Man jailed two years for two burglaries and arson

While most hunkered down during the Level 4 lockdown, a Dunedin man flooded his former workplace and torched a man’s car just metres from where a woman and her child slept.

Andrew James Chesmar (35) refused to explain his unusual behaviour on April 26 last year, which resulted in a range of charges being laid including those relating to two burglaries and an arson.

Counsel John Westgate told the Dunedin District Court this week that it was not that his client did not care but that he was “a very private man”.

Judge Michael Crosbie had a different take on Chesmar, who appeared uninterested at times as he stood in the dock.

“You’ve been exhibiting to me some attitude that comes across in the Probation report — you don’t really care or give a damn,” he said.

The defendant’s mini crime spree began with a trip to his former place of employment, a lumber yard in Mosgiel.

Knowing where the keys were kept, he let himself into the property and set a fire hose running.

The drains became blocked with sawdust, the court heard, causing more than $800 worth
of damage.

From there Chesmar travelled to Pine Hill and the home of a woman he had been seeing briefly in 2019.

During the country’s Covid-19 lockdown, she was living with another ex-partner with whom she had children.

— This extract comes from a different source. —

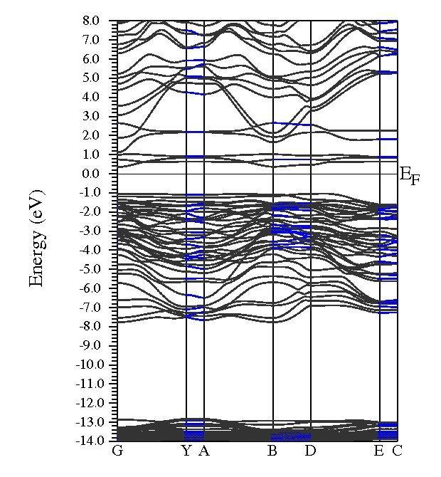 1. 以上是我两次算同一个结构的得到的能带图。 为什么一个会是彩色的, 一个是灰蓝的? 2.如果我想知道dx2-y2或者dz2的能级对应的能带。 怎么看出来? UG里面的“Bandstructure with band character plotting/full lines”的办法我试了试, 不行…… 求高手援助…… |

Chesmar got inside the house through an unlocked door and grabbed a bottle of rum from the fridge while the family lay in bed, unaware they were being burgled.

The defendant then moved outside, stole a knife, tobacco and rolling papers from the male resident’s vehicle then set fire to it.

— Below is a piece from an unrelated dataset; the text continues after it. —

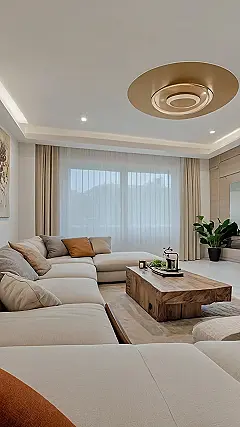 This living room is like a big, comfy hug! It’s all about relaxing and chilling out. The giant white sectional couch looks like it could swallow you whole, but in a good way! It’s perfect for movie nights or just hanging out with your friends. The super-soft pillows look inviting and the giant windows let in lots of light, making the whole room feel bright and airy.

The court heard the truck was parked only three or four metres from the bedroom where Chesmar’s ex-girlfriend was sleeping with her son.

Such was the intensity of the blaze, the window of the room cracked.

Chesmar ran off but was found by police 100m from the address.

They found various stolen items on him and he was arrested.

Judge Crosbie sentenced him to two years’ imprisonment and ordered him to pay $3724.

The company that insured the burned-out vehicle was owed more than $21,000 but the judge said there was no prospect of Chesmar paying that off.